By this time he had met Martha Marcovaldi, a woman of Jewish descent seven years his senior, separated from her second husband. With Martha - an artist and intellectual in her own right, au fait with contemporary feminism - Musil established an intimate and intensely sexual relationship that lasted for the rest of his life. They were married in 1911, and took up residence in Vienna, where Musil had accepted the position of archivist at the Technische Hochschule.

In the same year Musil published his second book, Unions, consisting of the novellas The Perfecting of a Love and The Temptation of Quiet Veronika. These short pieces were composed in a state of obsessiveness whose basis was obscure to him; writing and revision occupied him day and night for two and a half years.

When war came, Musil served with distinction on the Italian front. After the war, troubled by a sense that the best years of his creative life were slipping away, he sketched out no fewer than twenty new works, including a series of satirical novels. A play, The Visionaries (1921), and a set of stories, Three Women (1924), won awards. He was elected vice-president of the Austrian branch of the Organization of German Writers. Though not widely read, he was on the literary map.

Before long the projected satirical novels had been abandoned or absorbed into a master project: a novel in which the upper crust of Viennese society, oblivious of the dark clouds gathering on the horizon, discusses at length what form its next festival of self-congratulation should take. The novel was intended to give a grotesque (Musils word) vision of Austria on the eve of the World War. Supported financially by his publisher and by a society of admirers, he gave all his energies to The Man without Qualities.

The first volume came out in 1930, to so enthusiastic a reception in both Austria and Germany that Musil a modest man in other respects thought he might win the Nobel Prize. The continuation proved more intractable. Cajoled by his publisher, yet full of misgivings, he allowed an extended fragment to appear as the second volume in 1933. He began to fear he would never complete the work.

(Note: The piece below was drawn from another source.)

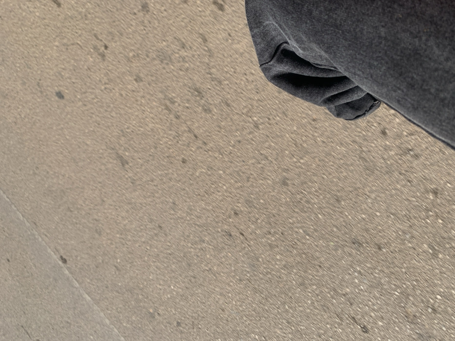 A gray, textured surface dominates the left and lower portions of the image, possibly asphalt or concrete. In the upper right, a section of dark gray fabric, likely clothing, is visible. The fabric is folded and has a soft, textured appearance. The contrast between the smooth surface and the folded fabric draws attention.

A move back to the livelier intellectual environment of Berlin was cut short by the coming to power of the Nazis. He and his wife returned to the ominous atmosphere of Vienna; he began to suffer from depression and poor health. In 1938 Austria was absorbed into the Third Reich. The couple moved to Switzerland. Switzerland was meant to be a staging-post en route to a home offered by Marthas daughter in the United States, but the entry of the United States into the war put paid to that plan. Along with tens of thousands of other exiles, they found themselves trapped.

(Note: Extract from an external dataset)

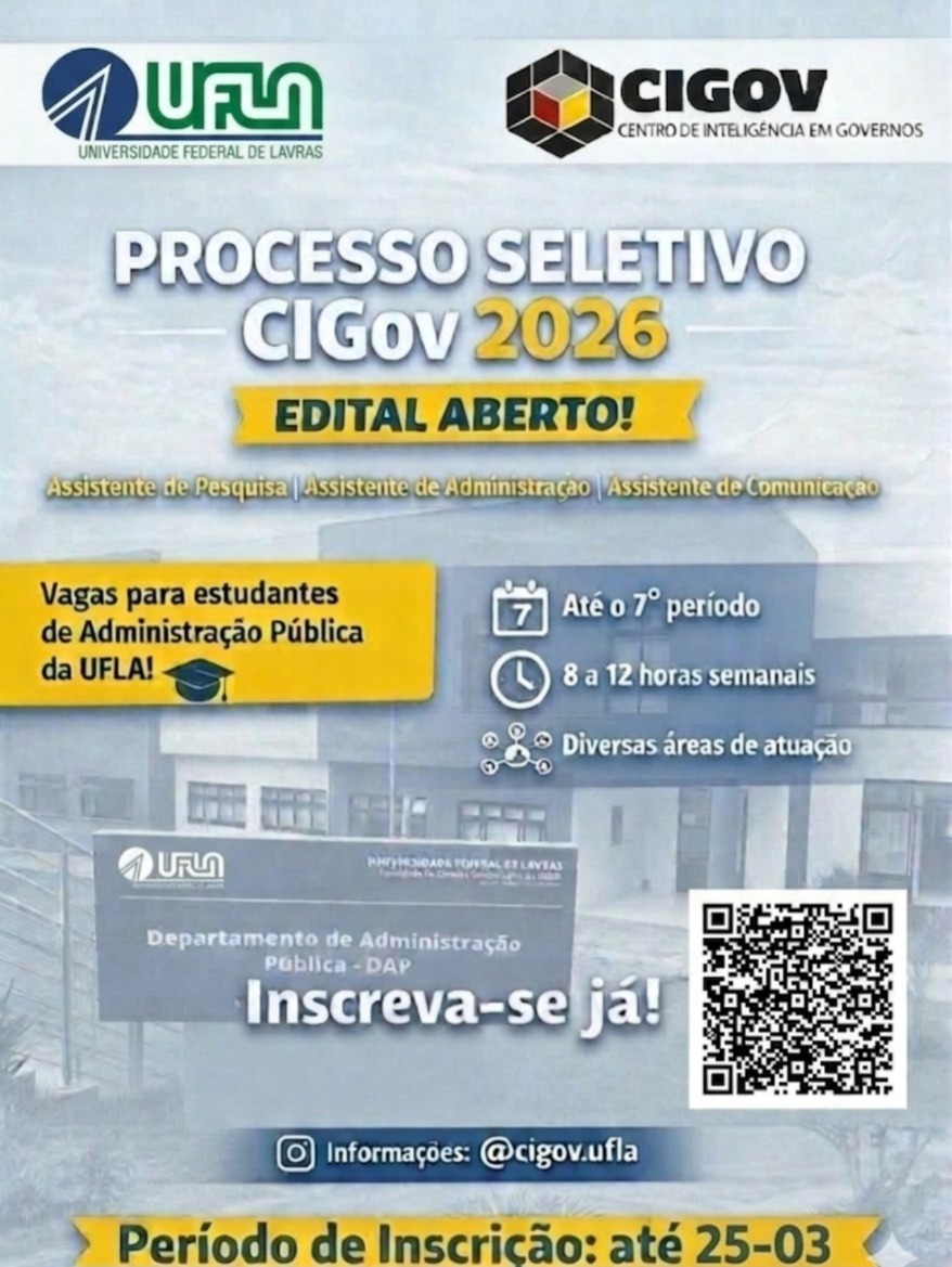 Estão abertas as inscrições para o Programa de Residência em Administração Pública (PRAP). O programa é uma parceria entre a Universidade Federal de Lavras (UFLA) e a...

Switzerland is renowned for the freedom you can enjoy there, observed Bertolt Brecht. The catch is, you have to be a tourist. The myth of Switzerland as a land of asylum was badly damaged by its treatment of refugees during World War Two, when its first priority, overriding all humanitarian considerations, was not to antagonize Germany. Pointing out that his writings were banned in Germany and Austria, Musil pleaded for asylum on the grounds that he could earn a living as a writer nowhere else in the German-speaking world. Though allowed to stay, he never felt at home in Switzerland. He was little known there; he had no talent for self-promotion; the Swiss patronage network disdained him. He and his wife survived on handouts. Today they ignore us. But once we are dead they will boast that they gave us asylum, remarked Musil bitterly to Ignazio Silone. Depressed, he could make no headway with the novel. In 1942, at the age of sixty-one, after a bout of vigorous exercise on the trampoline, he had a stroke and died.